• Records shown:
◇ ◇ ◇ ◇ ◇
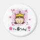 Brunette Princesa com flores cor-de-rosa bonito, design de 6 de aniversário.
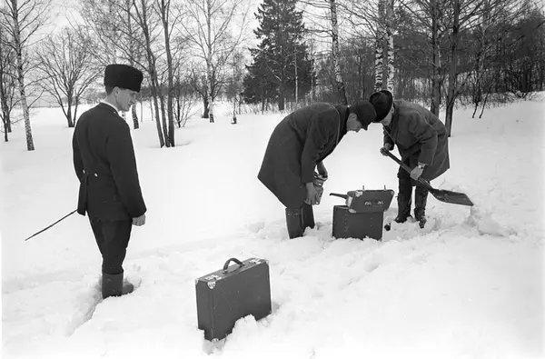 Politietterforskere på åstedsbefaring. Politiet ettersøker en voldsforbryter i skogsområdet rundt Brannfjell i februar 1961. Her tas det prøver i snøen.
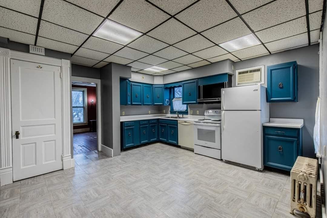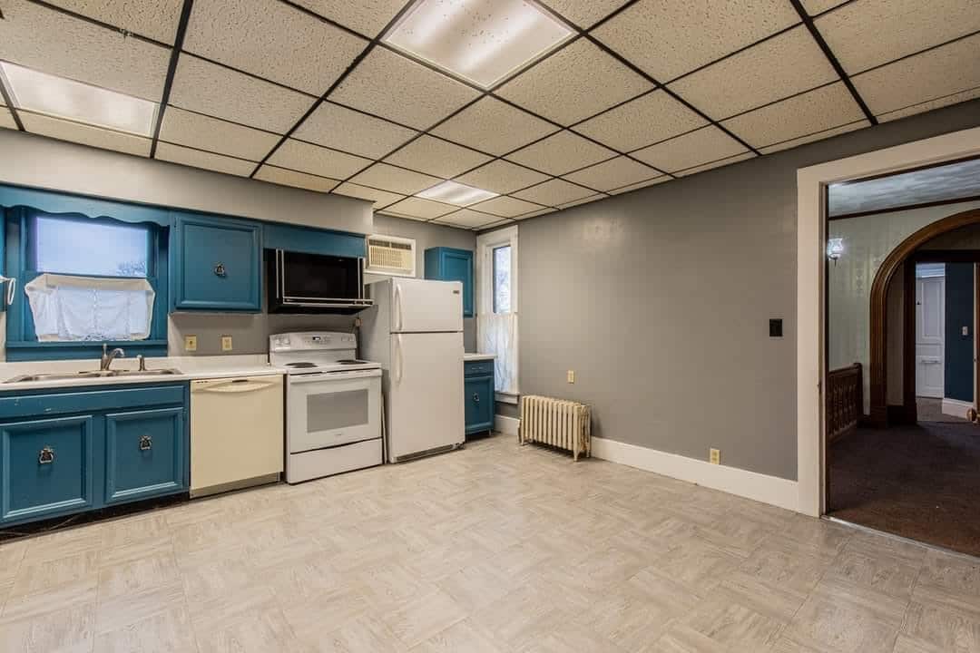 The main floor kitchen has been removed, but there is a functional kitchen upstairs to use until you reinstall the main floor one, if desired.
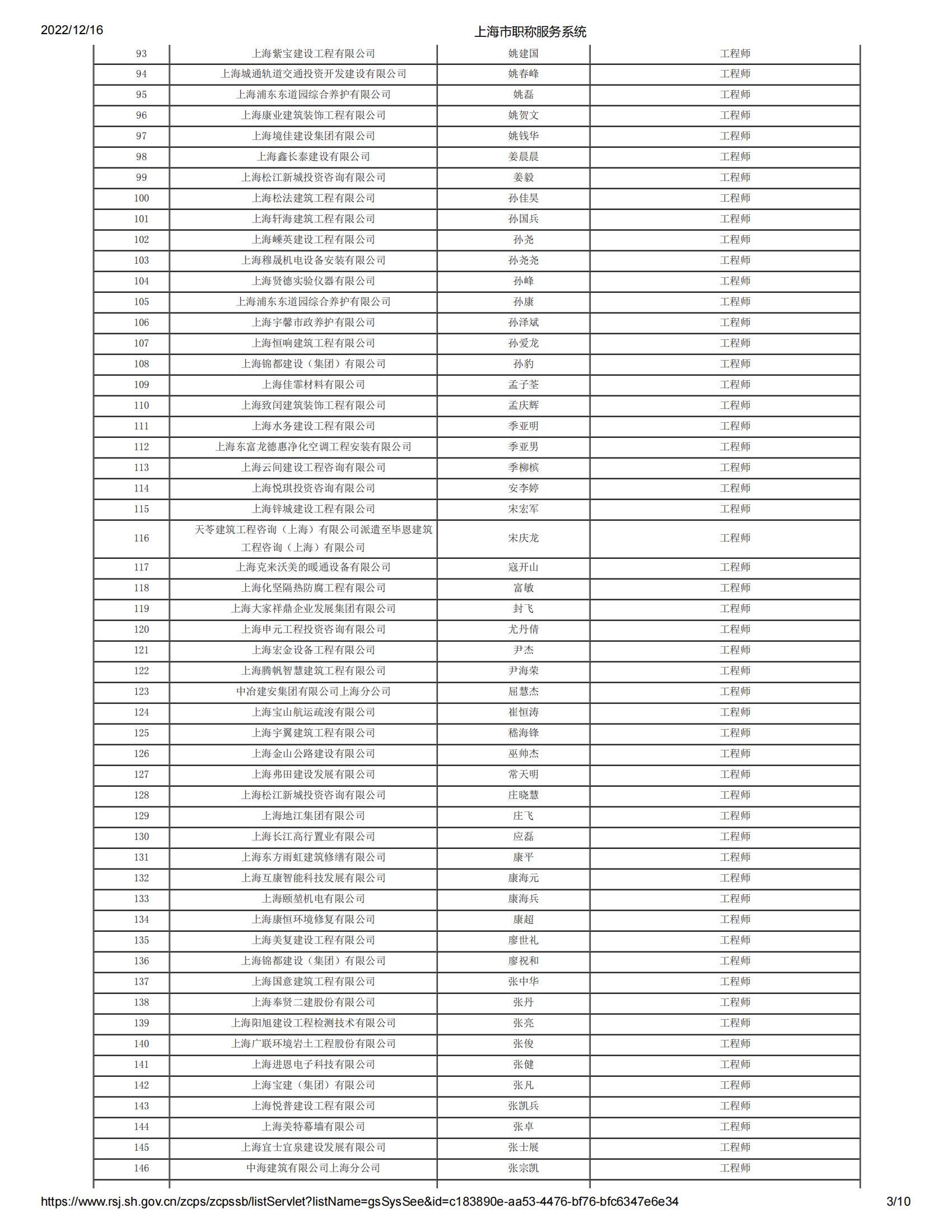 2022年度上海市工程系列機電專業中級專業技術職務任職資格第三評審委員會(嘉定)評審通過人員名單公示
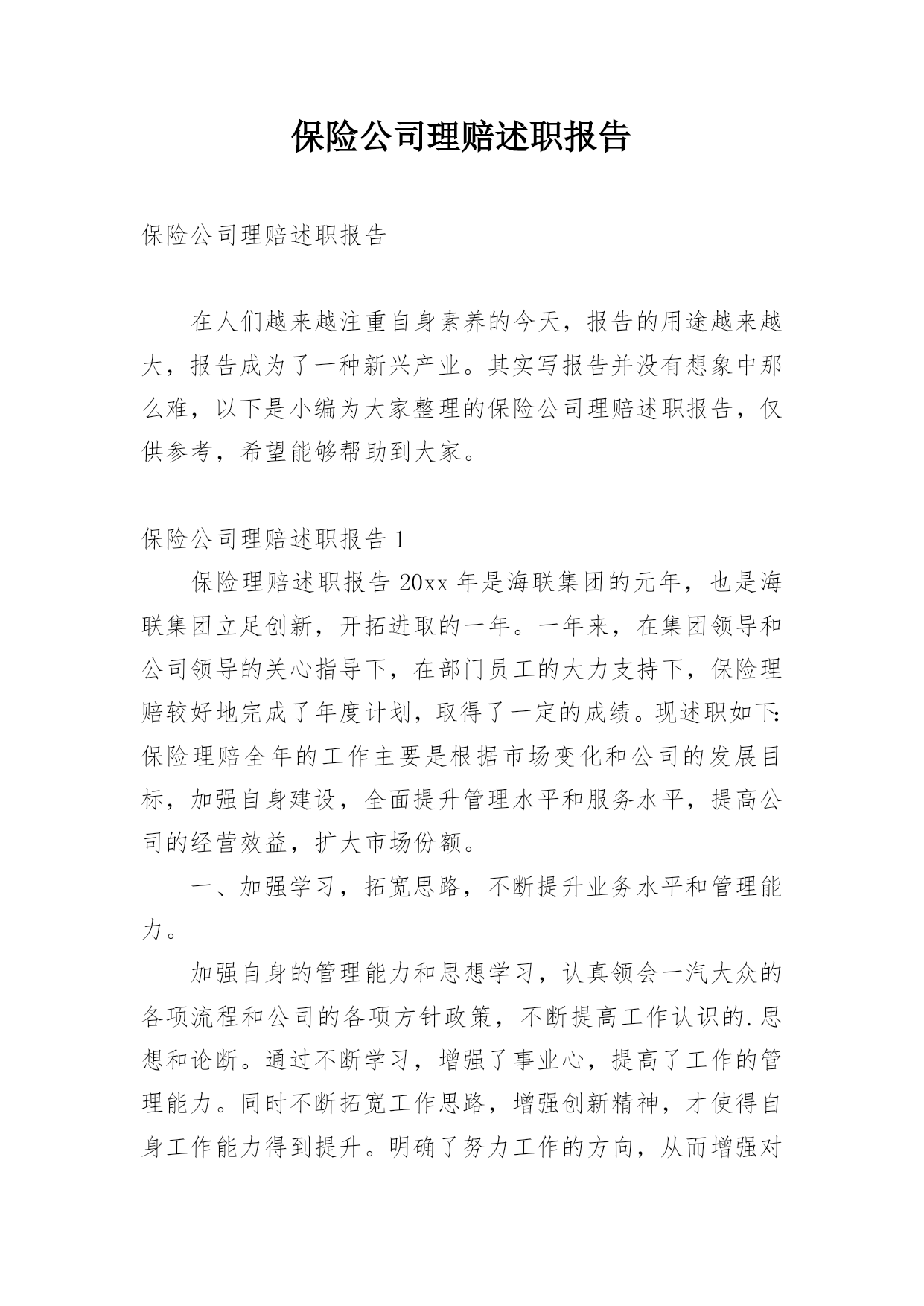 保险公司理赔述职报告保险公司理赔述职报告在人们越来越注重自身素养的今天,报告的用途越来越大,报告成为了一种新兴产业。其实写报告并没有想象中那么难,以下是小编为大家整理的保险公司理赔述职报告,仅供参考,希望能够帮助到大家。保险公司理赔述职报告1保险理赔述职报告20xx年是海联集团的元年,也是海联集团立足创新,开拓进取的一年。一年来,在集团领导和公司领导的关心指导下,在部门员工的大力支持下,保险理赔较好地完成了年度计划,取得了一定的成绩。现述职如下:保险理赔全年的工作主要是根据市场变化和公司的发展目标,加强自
◇ ◇ ◇ ◇ ◇
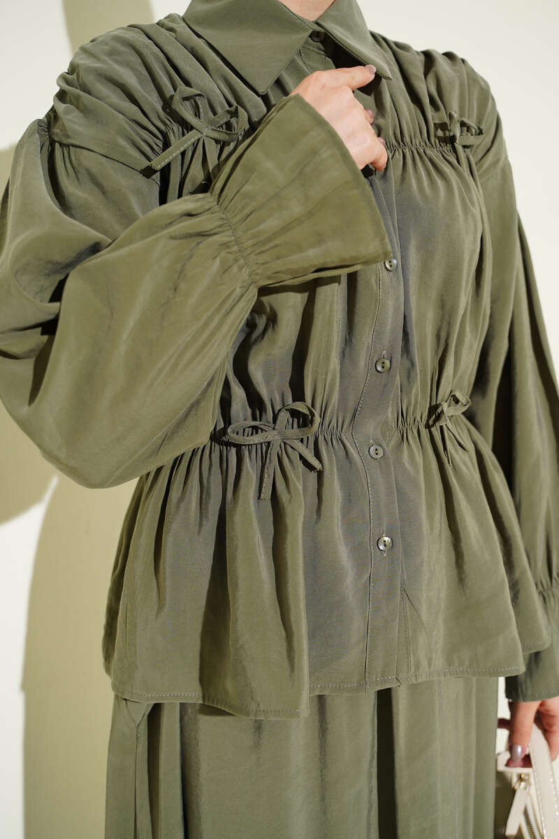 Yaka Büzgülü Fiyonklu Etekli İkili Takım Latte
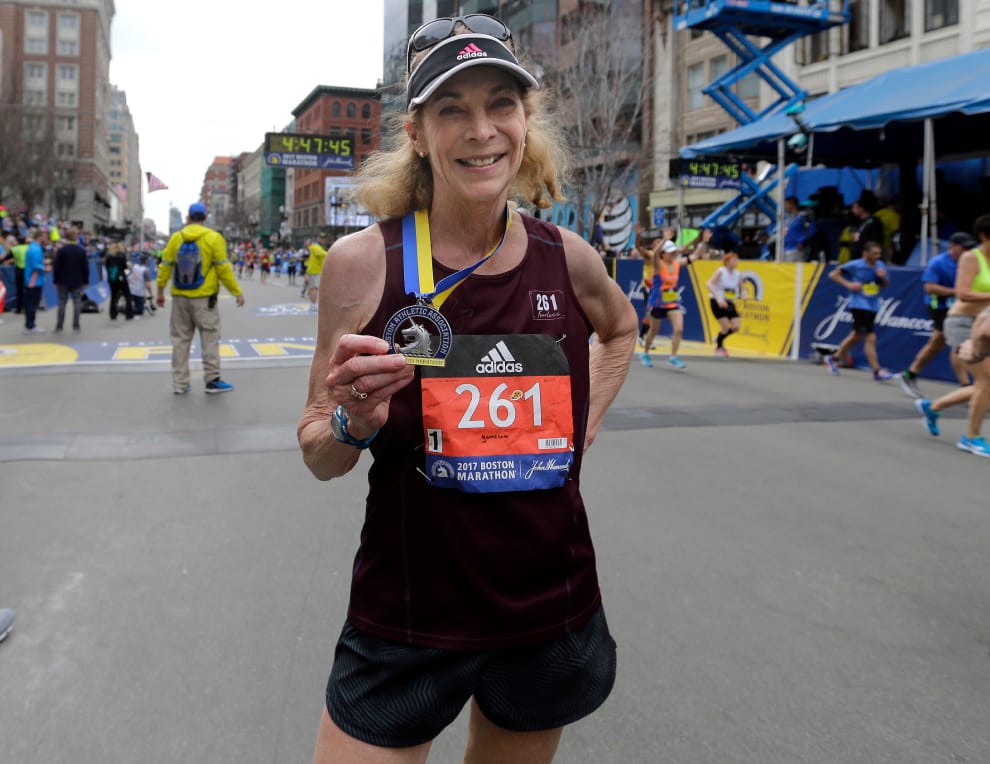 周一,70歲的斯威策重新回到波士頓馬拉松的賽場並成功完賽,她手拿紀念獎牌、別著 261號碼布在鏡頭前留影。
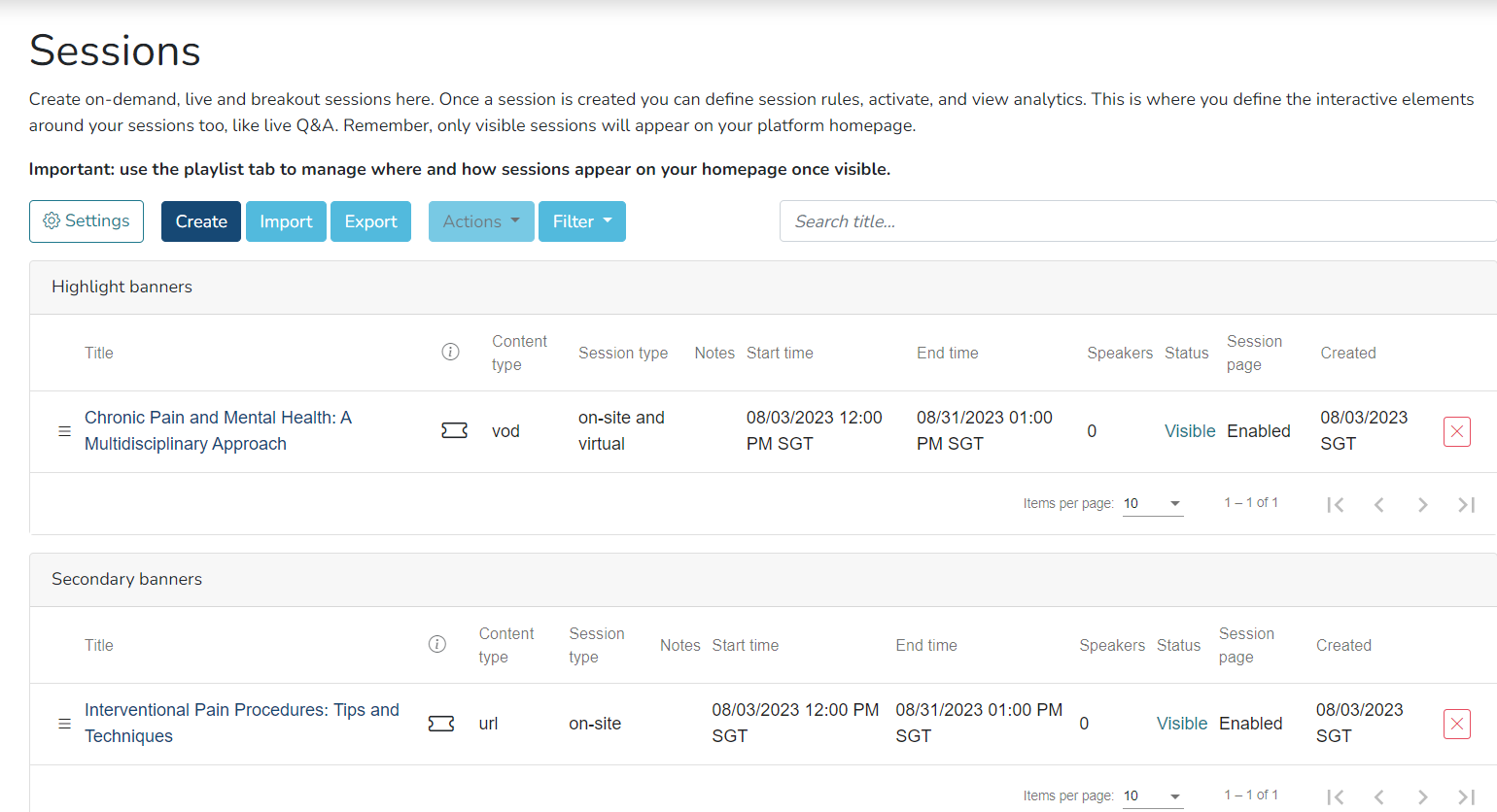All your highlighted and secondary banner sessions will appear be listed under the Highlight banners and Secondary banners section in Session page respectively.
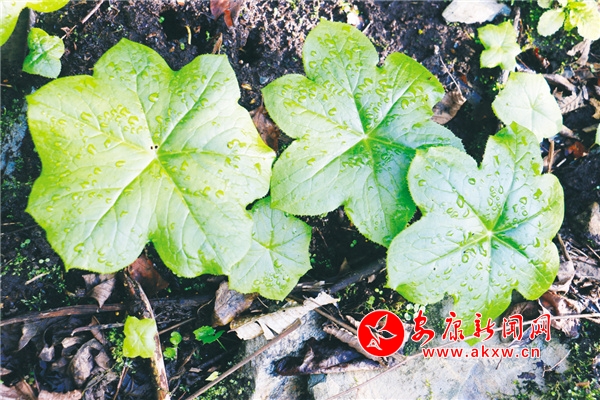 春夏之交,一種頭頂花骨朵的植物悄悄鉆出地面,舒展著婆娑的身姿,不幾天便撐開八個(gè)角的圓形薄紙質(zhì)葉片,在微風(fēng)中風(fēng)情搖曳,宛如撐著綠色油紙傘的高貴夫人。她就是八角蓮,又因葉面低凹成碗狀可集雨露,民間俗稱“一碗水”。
◇ ◇ ◇ ◇ ◇
• Task instructions:
From the line holding "Brunette Princesa com" to the line holding "保险公司理赔述职报告保险公司", both included, retype the entries above exactly and drop the pictures.

• Answer for the task:
 Brunette Princesa com flores cor-de-rosa bonito, design de 6 de aniversário.
 Politietterforskere på åstedsbefaring. Politiet ettersøker en voldsforbryter i skogsområdet rundt Brannfjell i februar 1961. Her tas det prøver i snøen.
 The main floor kitchen has been removed, but there is a functional kitchen upstairs to use until you reinstall the main floor one, if desired.
 2022年度上海市工程系列機電專業中級專業技術職務任職資格第三評審委員會(嘉定)評審通過人員名單公示
 保险公司理赔述职报告保险公司理赔述职报告在人们越来越注重自身素养的今天,报告的用途越来越大,报告成为了一种新兴产业。其实写报告并没有想象中那么难,以下是小编为大家整理的保险公司理赔述职报告,仅供参考,希望能够帮助到大家。保险公司理赔述职报告1保险理赔述职报告20xx年是海联集团的元年,也是海联集团立足创新,开拓进取的一年。一年来,在集团领导和公司领导的关心指导下,在部门员工的大力支持下,保险理赔较好地完成了年度计划,取得了一定的成绩。现述职如下:保险理赔全年的工作主要是根据市场变化和公司的发展目标,加强自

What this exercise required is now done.